→ **Entries supplied**:
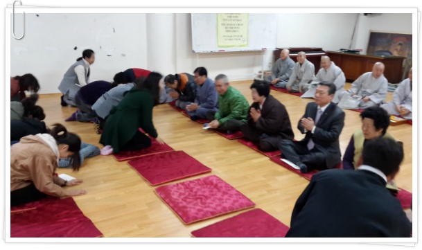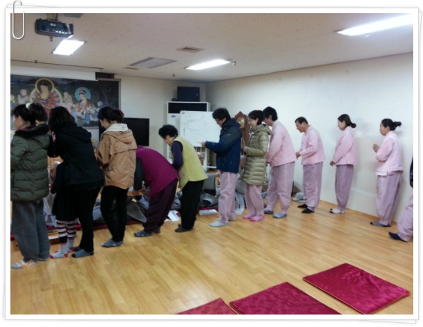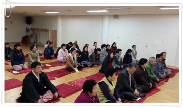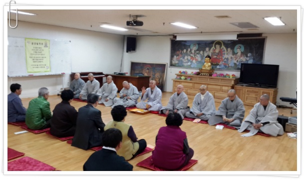 유마실에서 대중들과 약천사 신도분들 그리고 템플참가자들이 모여서
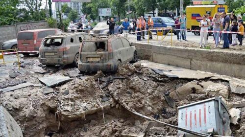 Камери зняли момент прориву труби водопостачання у Голосіївському районі Києва. Інцидент, у наслідок якого утворився фонтан, заввишки 7 поверхів, стався вчора, 29 травня. У результаті нижні поверхи будинку поруч залишились без шибок і серйозно постраждали кілька автомобілів. Людей, на щастя, не зачепило, а кадри варті Голлівуду. За даними “Київенерго”, через гідравлічні випробування луснула труба магістрального трубопроводу діаметром 800 мм, унаслідок чого утворився котлован. “Зранку розпочалися ремонтні та відновлювальні роботи на проспекті Голосіївському, 27. Ремонт цієї ділянки тепломережі триватиме близько доби. Протягом доби аварійна бригада КИЇВЕНЕРГО завершить роботи в металі, після…
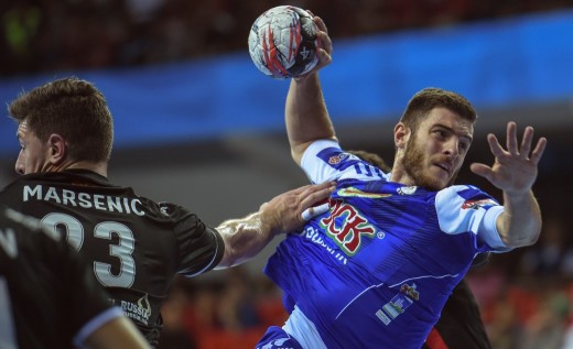 Elizaga Niko Mindegia (L) of MOL-Pick Szeged tries to score against HC Vardar player Mijajlo Marsenic (L) during the EHF Champions league match, in Skopje , The Former Yugoslav Republic of Macedonia on 27 September 2015
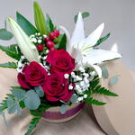 Gypsophila - 3 ud. Lilium - 2 ud. eucalipto - 3 ud. rosas - 3 ud. helecho - 3 ud. hipéricum rojo - 1 ud.
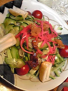 最近、出番が多いのは新玉ねぎときゅうりを梅酢で漬けたもの。
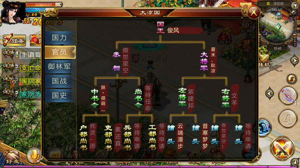 在新征战,六国国家官员都是由玩家担任。六国都有官员体系如下:

→ **Try it**: In the records above, the lines from the one containing "最近、出番が多いのは新玉ねぎときゅうりを梅酢で漬けたもの。" through the last line are to be written out exactly, both ends included and pictures omitted.

→ **Response area**:
 最近、出番が多いのは新玉ねぎときゅうりを梅酢で漬けたもの。
 在新征战,六国国家官员都是由玩家担任。六国都有官员体系如下:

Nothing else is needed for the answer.